Thursday, June 28, 2012

#ImpactOCR - Citing a #newspaper

#Wikipedia has this rule: "Citation needed". Much of the news is first published in newspapers. When a citation is needed about something that happened, it is in the newspaper where you will find it mentioned and there may be many chronological entries on the same subject describing how something evolves.

A lot of research and development has gone in the optical character reading of newspaper of the Impact project. As this project has ended and has evolved into a competence centre, its last conference was very much a presentation of what the project achieved.

From my perspective, it produced a lot of software much of it open sourced and all of it is implemented and embedded in the library, archive and research world. It is a world that finds its public for the work done in the Impact project very much in the research world. The general public can benefit as much, what has to be clear is how it could benefit.
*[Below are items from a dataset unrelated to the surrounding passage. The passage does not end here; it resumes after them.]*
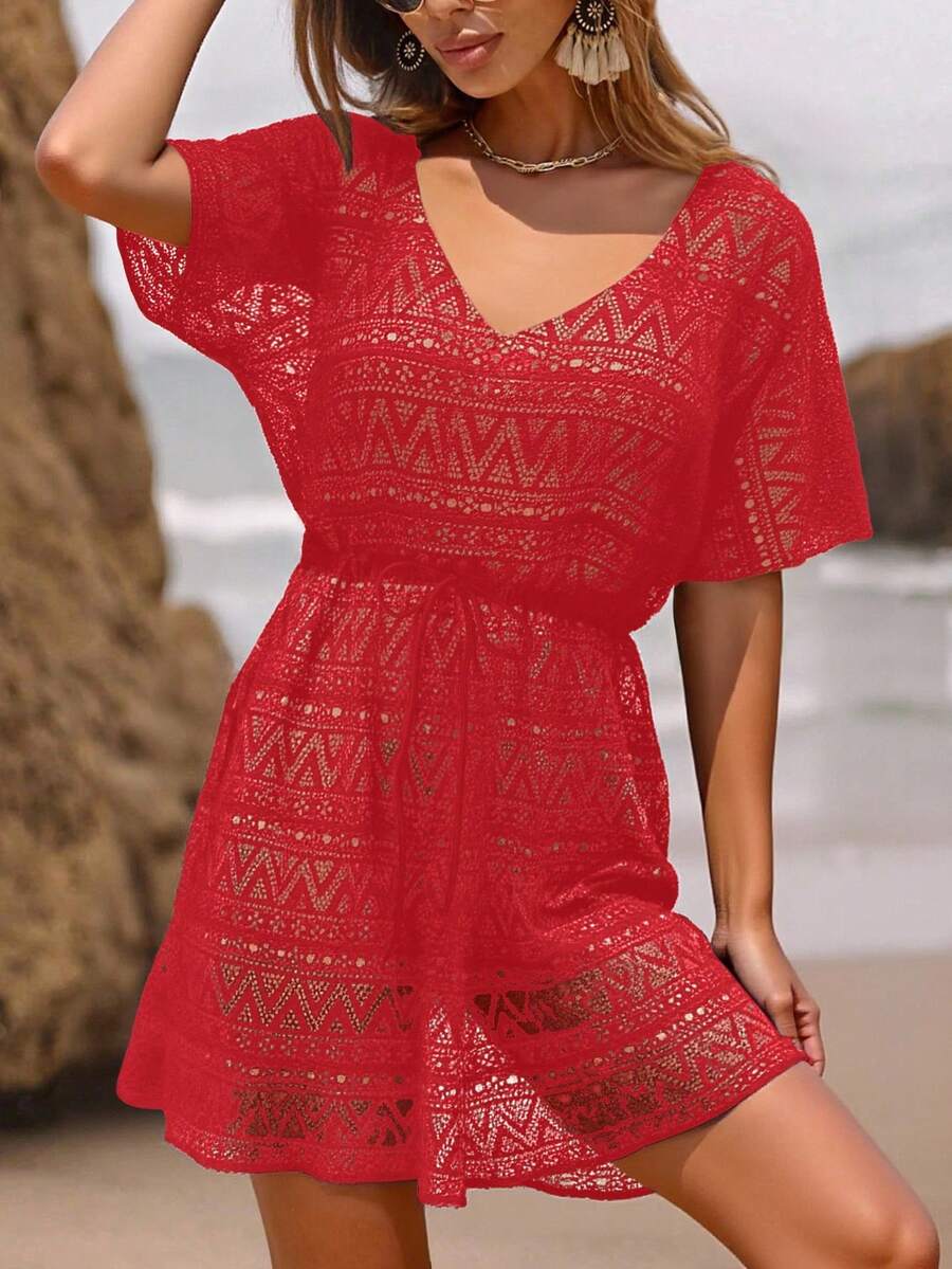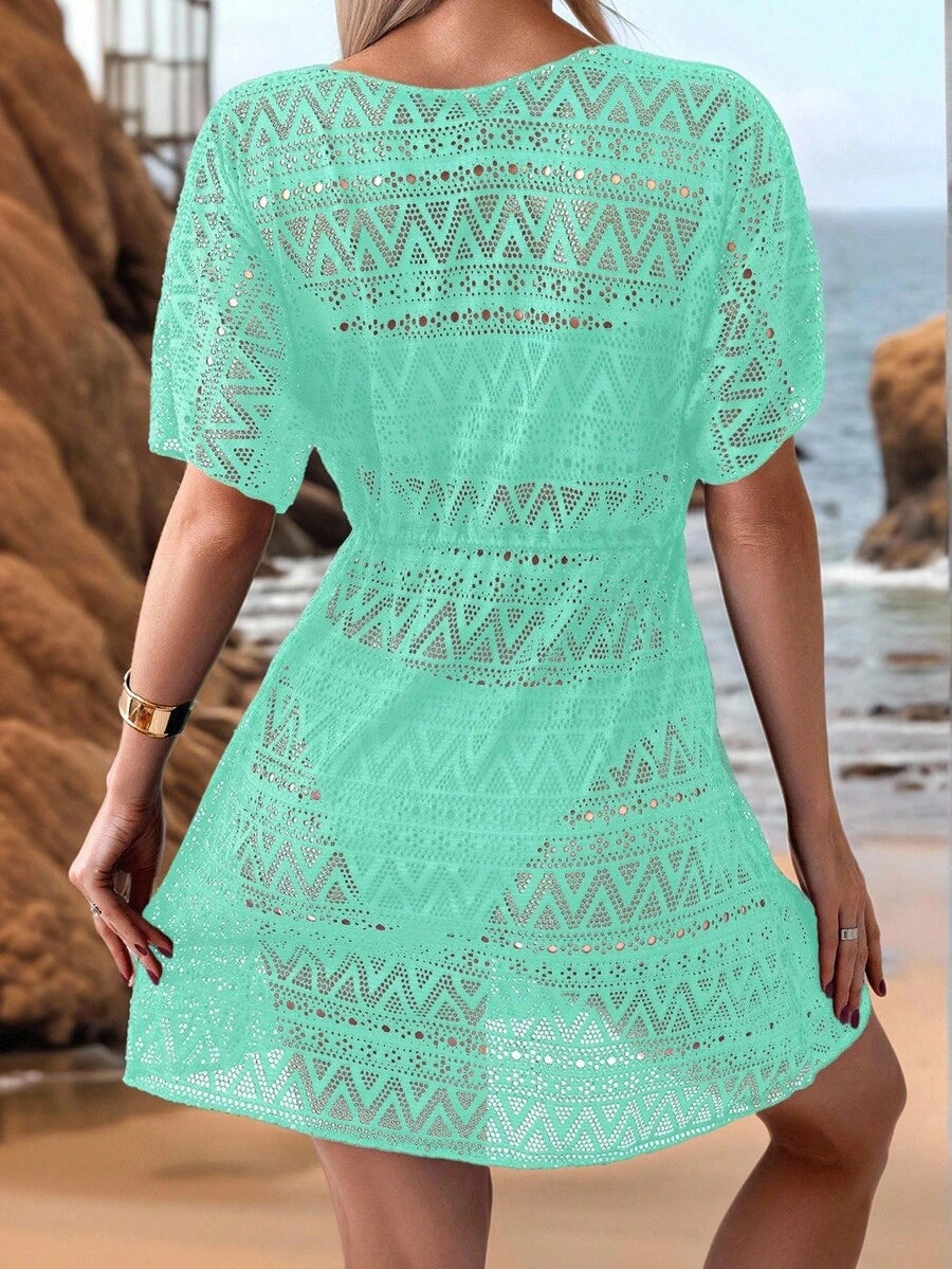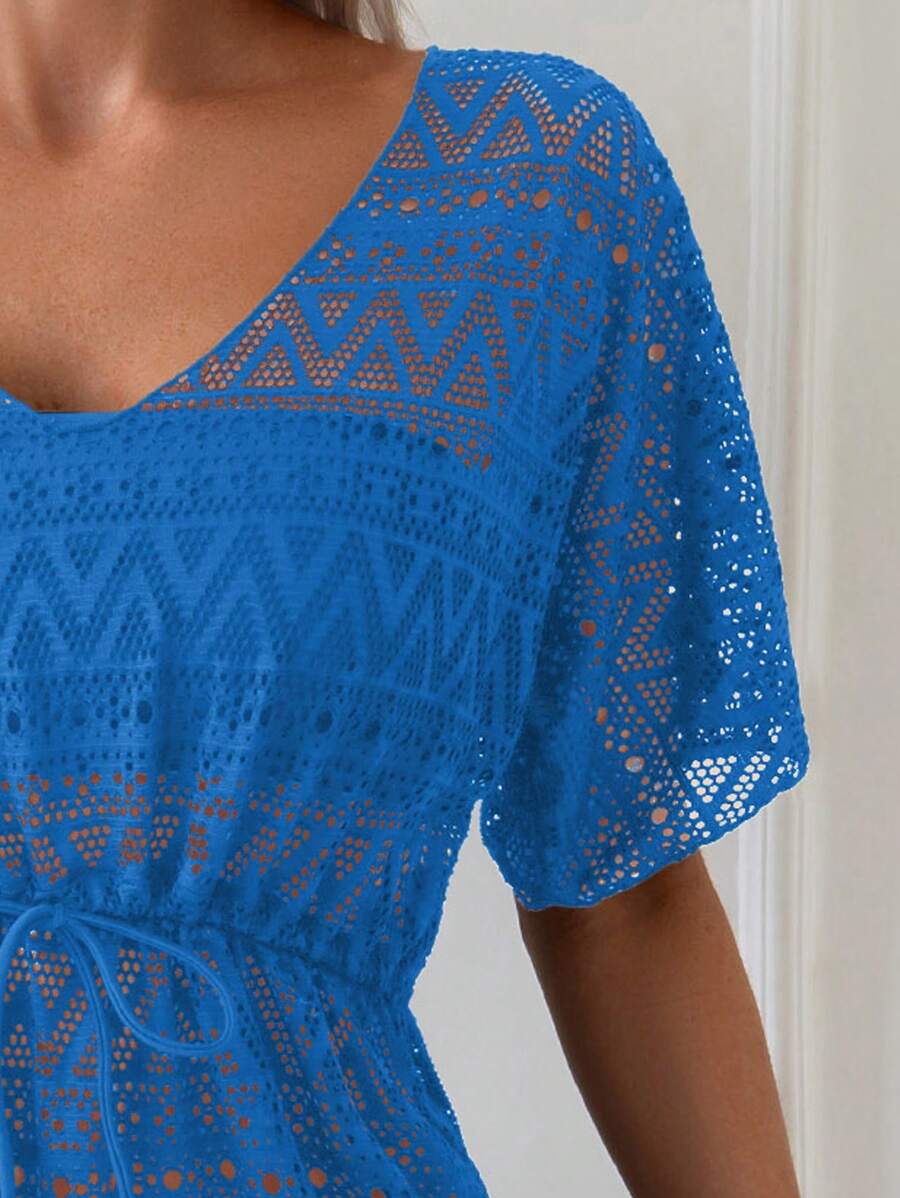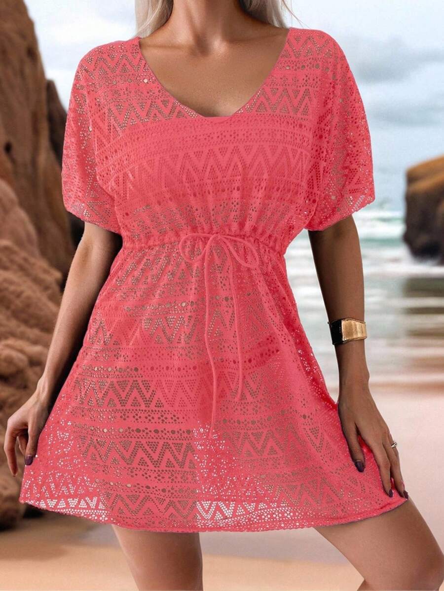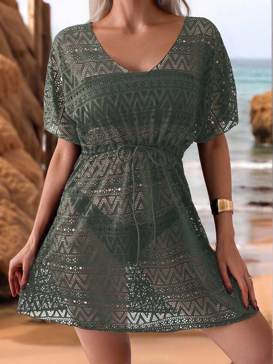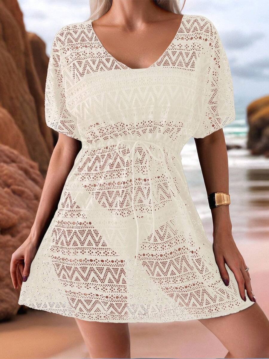 Vestido de playa para mujer con escote en v, manga corta, cintura calada y lazo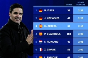 欧冠改制后主帅场均积分榜:弗里克居首,阿尔特塔第三,瓜帅第四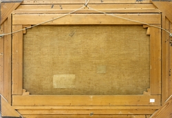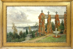 Wannseeufer mit bewachsener Pergola und kleinem Gartenbrunnen. Öl auf Leinwand. 65 x 110 cm, mit Rahmen 86 x 130 cm. Rechts unten signiert. Zwei hinterlegte Stellen. (1116-2)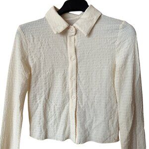 CIDER Off-White Ribbed Cropped Button Up. Collared neckline. In a cream/off white colour. Size medium and fits true to size. Can also fit as a looser small. Worn a couple of times, but in excellent condition. Tags have been cut off so there is a SLIGHT hole on the back of the neck.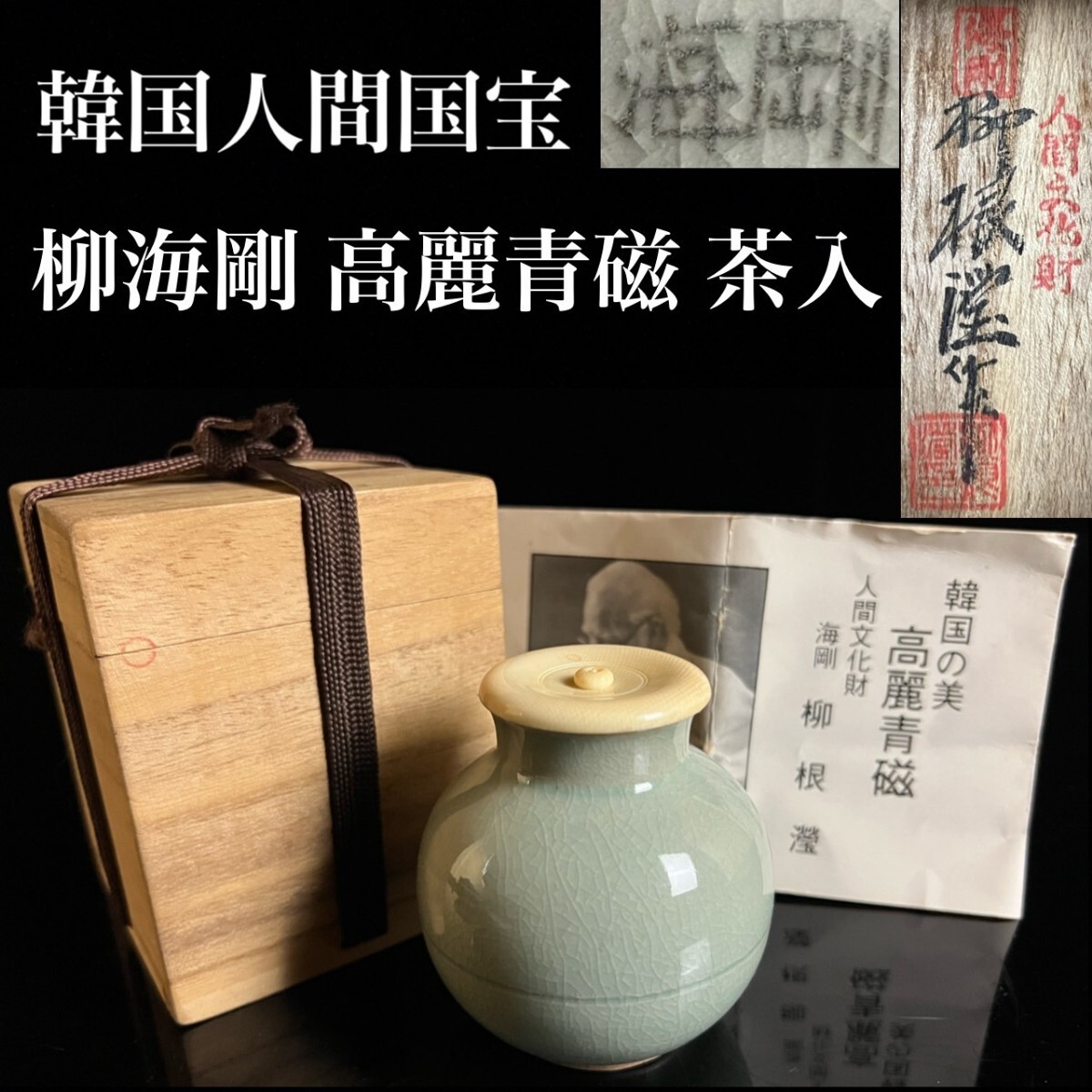 > 韓国人間国宝 柳海剛(柳根瀅) 青磁 茶入 7.5cm 共箱 栞付 茶道具 煎茶道具 高麗 李朝 朝鮮美術 唐物骨董[麌]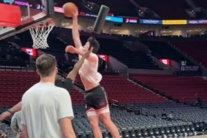 加油!杨瀚森赛前热身秀暴扣 与队友激情撞胸

Though Europeana newspapers some 10 million newspaper pages will be made accessible. These pages are scanned and to make them really useful they undergo optical character recognition. This is exactly where the Impact project has its impact; as the OCR technology improves, more words are correctly recognised and consequently more content of the newspapers can be discovered.

The results can be improved even further when the public helps train the OCR software recognise characters for specific documents. As citing sources for Wikipedia is an obvious use case for historic newspapers, there are many people who are willing to teach OCR engines to do a better job. For those articles that are found to be particularly useful, proofreading can improve the results even further.

With a public that is involved in improving the digitised and OCR-ed texts everybody will be a winner including the scientific research on these texts.